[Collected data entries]
....................

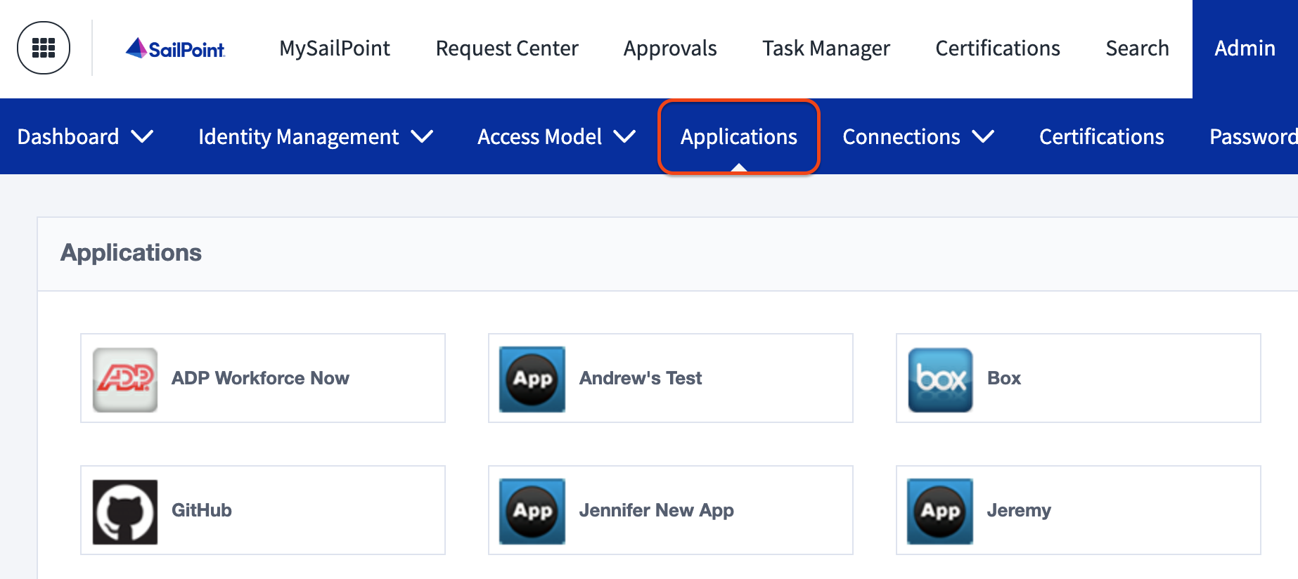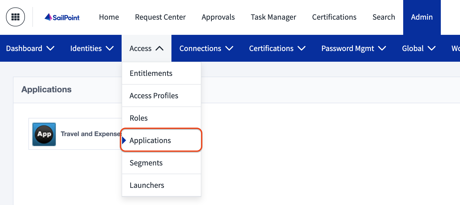 The Applications tab has been moved under the Access Model menu to better align with how Applications represent access. You can now find Applications alongside Entitlements, Access Profiles, and Roles.
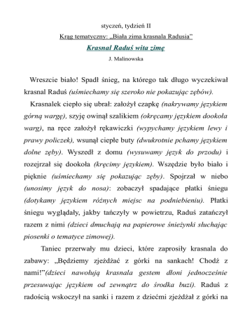 styczeń, tydzień II Krąg tematyczny: „Biała zima krasnala Radusia” Krasnal Raduś wita zimę J. Malinowska Wreszcie biało! Spadł śnieg, na którego tak długo wyczekiwał krasnal Raduś (uśmiechamy się szeroko nie pokazując zębów). Krasnalek ciepło się ubrał: założył czapkę (nakrywamy językiem górną wargę), szyję owinął szalikiem (okręcamy językiem dookoła warg), na ręce założył rękawiczki (wypychamy językiem lewy i prawy policzek), wsunął ciepłe buty (dwukrotnie pchamy językiem dolne zęby). Wyszedł z domu (wysuwamy język do przodu) i rozejrzał się dookoła (kręcimy językiem). Wszędzie było biało i pięknie (uśmiechamy się pokazując zęby). Spojrzał w niebo (unosimy język do nosa): zobaczył spadające płatki śniegu (dotykamy językiem różnych miejsc na podniebieniu). Płatki śniegu wyglądały, jakby tańczyły w powietrzu, Raduś zatańczył razem z nimi (dzieci dmuchają na papierowe śnieżynki słuchając piosenki o tematyce zimowej). Taniec przerwały mu dzieci, które zaprosiły krasnala do zabawy: „Będziemy zjeżdżać z górki na sankach! Chodź z nami!”(dzieci nawołują krasnala gestem dłoni jednocześnie przesuwając językiem od zewnątrz do środka buzi). Raduś z radością wskoczył na sanki i razem z dziećmi zjeżdżał z górki na dół (otwierając szeroko buzię, przesuwamy językiem od górnych zębów po podniebieniu do tyłu; czynność powtarzamy kilkakrotnie). Na koniec wspólnie ulepiono bałwana. Krasnalek z dziećmi utoczyli trzy śnieżne kule: małą, większą i największą (trzykrotnie nadymamy policzki, stopniowo zwiększając ich objętość). Nałożyli kule na siebie (dotykamy najpierw dolnej wargi, potem górnej, następnie sięgamy wysoko do nosa). Dodali bałwankowi węgielkowe oczy (dotykamy językiem górnego lewego i prawego siekacza), marchewkowy nos (wysuwamy wąski język z buzi) oraz kamienne guziczki (dotykamy każdego górnego zęba po kolei). Bałwanek pięknie się uśmiechnął i uśmiecha się tak do dziś (uśmiechamy się jak najpiękniej). To był naprawdę wspaniały dzień, pełen wrażeń.
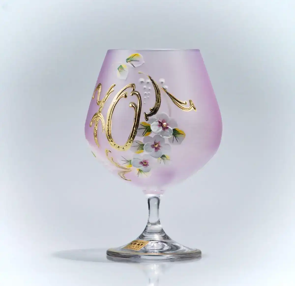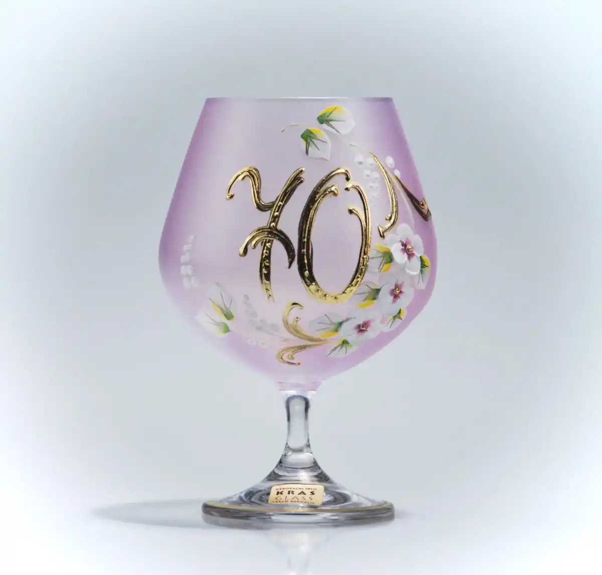 Růžová barva symbolizuje něhu, empatii a laskavost – tedy vlastnosti, které člověk ve věku 70 let ztělesňuje s noblesou. Dekor jemných kvítků vytvořených technikou vysokého smaltu dodává sklenici slavnostní a přesto jemný vzhled. Ručně malované číslo 70 je provedené s důrazem na detail a ozdobené decentním leskem.
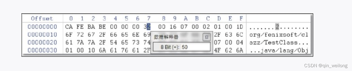 每个Java class 文件的前4个字节被称为他的魔数(magic number):0x CAFEBABE (图四的前四个字节)。魔数的作用在于,可以轻松的分辨出java class文件和非java class 文件。如果一个文件不是以0xCAFEBABE 开头的,那他肯定不是java class文件。
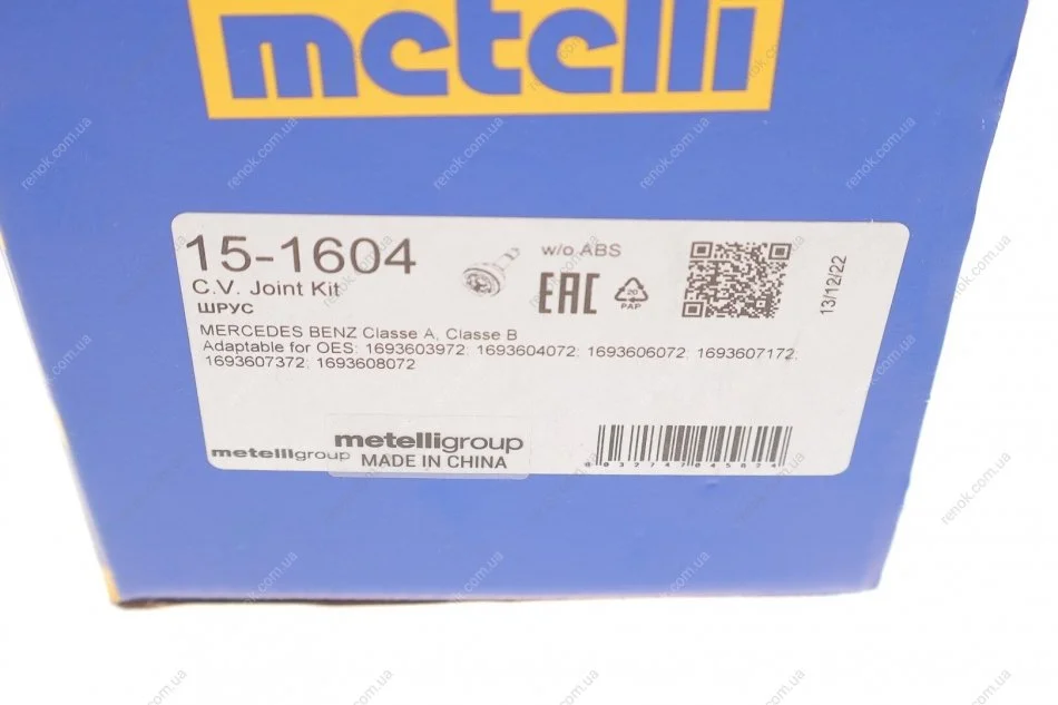 РШ шарнір (к-кт) Metelli 15-1604 (1693603972, 1693604072, 1693606072)
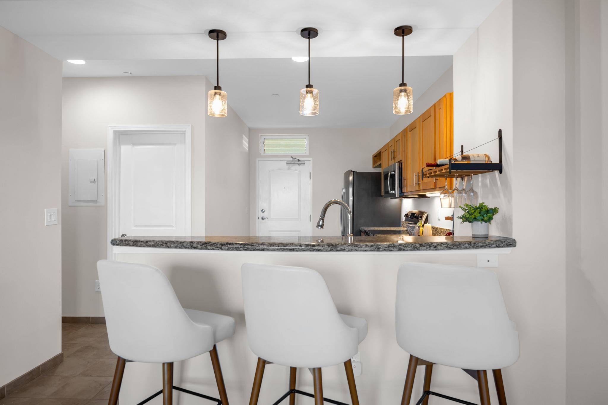 The Breakers E-33 showcases pride of ownership with thoughtful upgrades and ocean views from a generous double-size lanai—the perfect spot to take in Maui’s colorful sunsets. This 1-bedroom, 1-bath condominium offers 584 sq. ft. of comfortable living space featuring warm luxury vinyl plank flooring, fresh interior paint, and a modern kitchen with granite countertops and stainless-steel appliances. A Fujitsu split A/C system, full-size washer and dryer, and a recently remodeled walk-in shower—converted from the former tub—add convenience and contemporary appeal. Previously owner-occupied, the unit is now lightly staged, allowing the next owner to envision their own personal touches. The Breakers is a pet friendly, well-maintained, low-density community located across from Honokowai Beach Park, with amenities including a large pool, fitness center, and tropical landscaping. Near local cafés, the Farmers Market, and the beaches of Ka‘anapali and Lahaina, this home offers easy access to all that West Maui has to offer. With its generous lanai, modern upgrades, and well-cared-for condition, E-33 is a standout opportunity for those seeking quality and comfort in a desirable coastal setting.
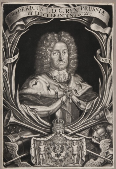 Portrait. Brustfigur en face, unten mit Wappen und Insignien. Mezzotinto von Elias Christoph Heiss (1660-1731). Augsburg, ca. 1720. Format: 33 x 22 cm (mit kleinem Rändchen um die Plattenkante und in alter Zeit flächig auf getöntes Untersatzpapier montiert). *"Friedrich (* 11. Juli 1657 in Königsberg; ? 25. Februar 1713 in Berlin) aus dem Haus Hohenzollern war ab 1688 als Friedrich III. Kurfürst von Brandenburg und souveräner Herzog in Preußen. Dort erhöhte er sich 1701 als Friedrich I. zum König in Preußen. Nach der Herrschaftsübernahme in Brandenburg-Preußen am 9. Mai 1688 setzte Friedrich, der aufgrund seiner Skoliose volkstümlich Schiefer Fritz genannt wurde, die Innen- und Außenpolitik seines Vaters Friedrich Wilhelm fort." (Wikipedia).

....................

* Work to be completed
With the pictures omitted, print the lines above exactly, beginning at the line with "РШ шарнір (к-кт)" and going on through the line with "The Breakers E-33".

* Answer below
 РШ шарнір (к-кт) Metelli 15-1604 (1693603972, 1693604072, 1693606072)
 The Breakers E-33 showcases pride of ownership with thoughtful upgrades and ocean views from a generous double-size lanai—the perfect spot to take in Maui’s colorful sunsets. This 1-bedroom, 1-bath condominium offers 584 sq. ft. of comfortable living space featuring warm luxury vinyl plank flooring, fresh interior paint, and a modern kitchen with granite countertops and stainless-steel appliances. A Fujitsu split A/C system, full-size washer and dryer, and a recently remodeled walk-in shower—converted from the former tub—add convenience and contemporary appeal. Previously owner-occupied, the unit is now lightly staged, allowing the next owner to envision their own personal touches. The Breakers is a pet friendly, well-maintained, low-density community located across from Honokowai Beach Park, with amenities including a large pool, fitness center, and tropical landscaping. Near local cafés, the Farmers Market, and the beaches of Ka‘anapali and Lahaina, this home offers easy access to all that West Maui has to offer. With its generous lanai, modern upgrades, and well-cared-for condition, E-33 is a standout opportunity for those seeking quality and comfort in a desirable coastal setting.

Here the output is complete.